You came back
14 Décima Quarta Parte
Notas iniciais
Depois de nos ofendermos friamente, nós dois não poderíamos continuar ali, olhando um para o outro.
— Você é um cretino, Castle. Incapaz de compreender uma mulher. Eu fui diagnosticada com depressão e sinceramente? Eu nunca pedi por nada disso.
— Eu também não, Kate, mas de uma coisa eu tenho certeza, eu nunca deixaria a minha filha sofrendo.
— Eu espero que você faça bom proveito de toda essa certeza, de toda essa sanidade que você afirma ter, porque Castle, eu não desejo nada do que eu passei para ninguém. Você sabe qual é o seu problema? Você é um idiota, infantil e imaturo, você nunca deixou de ser. E quanto a minha filha, eu vou lutar por ela, Castle. Vou me tratar e vou ficar bem, por ela. Porque de você eu não quero mais nada. NADA. Você me deixou Castle, me deixou sozinha uma vez e se fizer isso novamente, eu não vou me surpreender. – Foram as ultimas palavras que eu disse, sabendo que o tinha ferido. Céus! Ele não me deixou. Aquilo tudo foi uma tragédia. Eu o havia atingido de maneira que não poderia mais voltar atrás.
— Sabe o que mais me dói? É que em momento algum você confiou em mim. Você me deixou descobrir da pior forma, não me deu tempo e nem me ajudou a digerir. Eu queria te ajudar, Kate. Mas eu não posso fazer isso assim. Eu não consigo mais.
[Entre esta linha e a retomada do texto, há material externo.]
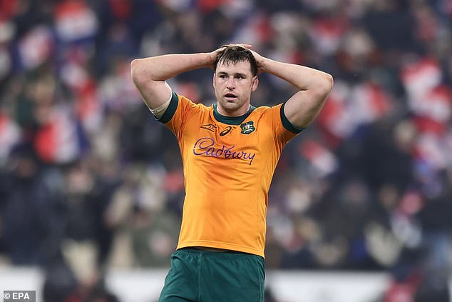 Prehra zanechala Toma Hoopera (vpravo) a jeho spoluhráčov nechcený kúsok histórie, pretože sa stali prvým tímom Wallabies, ktorý prehral 10 testov v kalendárnom roku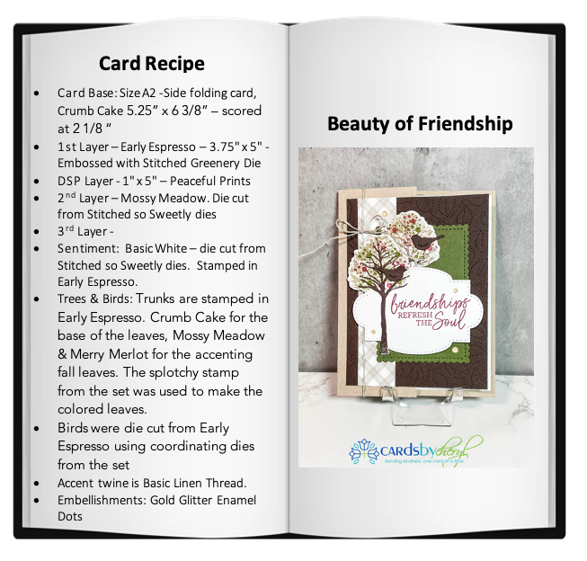 This weeks card project uses the Beauty of Friendship stamp bundle. I made this card for my Crafty Ninja Team monthly card swap and I absolutely LOVE how it turned out. I got the idea for the layout of this card from Elizabeth Price (@seeinginkspots). I love all the layers she used and so I thought I would give it a try.

Castle pegou as chaves do carro e encaminhou-se em direção a porta. Eu o amava. Estava com raiva. Mas o amava e não podia deixar ele fazer aquilo.
— O que? Onde você pensa que vai?
— Eu vou te abandonar mais uma vez, Kate. Mas isso não acaba aqui.
— Espera – disse em um sussurro – você não pode sair por aí desse jeito.
— Foi você quem pediu Kate. Espero que quando eu voltar, você já tenha tirado as suas coisas daqui. Eu fiquei em prantos até a hora que tive forças, disquei o número do meu pai, que logo em seguida apareceu e me tirou do loft.
***
Passei duas semanas ao som de grilhos e o do vento que batia nas plantas, as balançando e gerando um som agudo e um tanto quanto forte e assustador. Eu precisei contar tudo ao meu pai, que, por sorte não me julgou, apenas me abraçou, disse que tudo ia ficar bem e me encorajou, dizendo que queria conhecer a sua neta e que ficaria por Nova York para me ajudar com os tramites. Era final de domingo e na segunda eu precisava trabalhar, meus atestados médicos me renderam duas boas semanas. Além do mais, eu estava morrendo por dentro. Duas semanas longe da minha pequena, era torturante. Nem o sinal de telefone alcançava a modesta cabana do meu pai.
Estava sentada no sofá, enrolada em um pequeno cobertor, era da Jo, um que eu havia trazido para casa. Ele era enorme e era todo da mulher maravilha. Mulheres fortes. Era dessas que minha filha gostava. Ingeria um chocolate quente preparado pelo senhor Jim e estava com o pensamento longe.
— Katie... – ele me despertou.
— Eu estou bem.
— Você precisa dormir querida. Logo você terá a guarda provisória de sua filha, eu prometo.
— Tudo bem. Eu só queria ficar um pouco aqui.
— E será que tem lugar para o seu velho pai, aí?
— Sempre – disse lembrando o que não tinha saído da minha mente em dias. Rick. Eu estraguei tudo. Nunca mais teríamos volta. Eu sentia. E já não bastasse a minha dor, ainda tinha Johanna.
— Você sabe que quando você era pequena e vinhamos pra cá, você sempre acabava pegando no sono aqui nesse sofá? – apenas acenei negativamente, levando o polegar até a boca e sorrindo após morder a lateral do dedo – É. Você costumava dizer que aqui era o lugar onde as estrelas te alcançavam. E parece que você tinha razão.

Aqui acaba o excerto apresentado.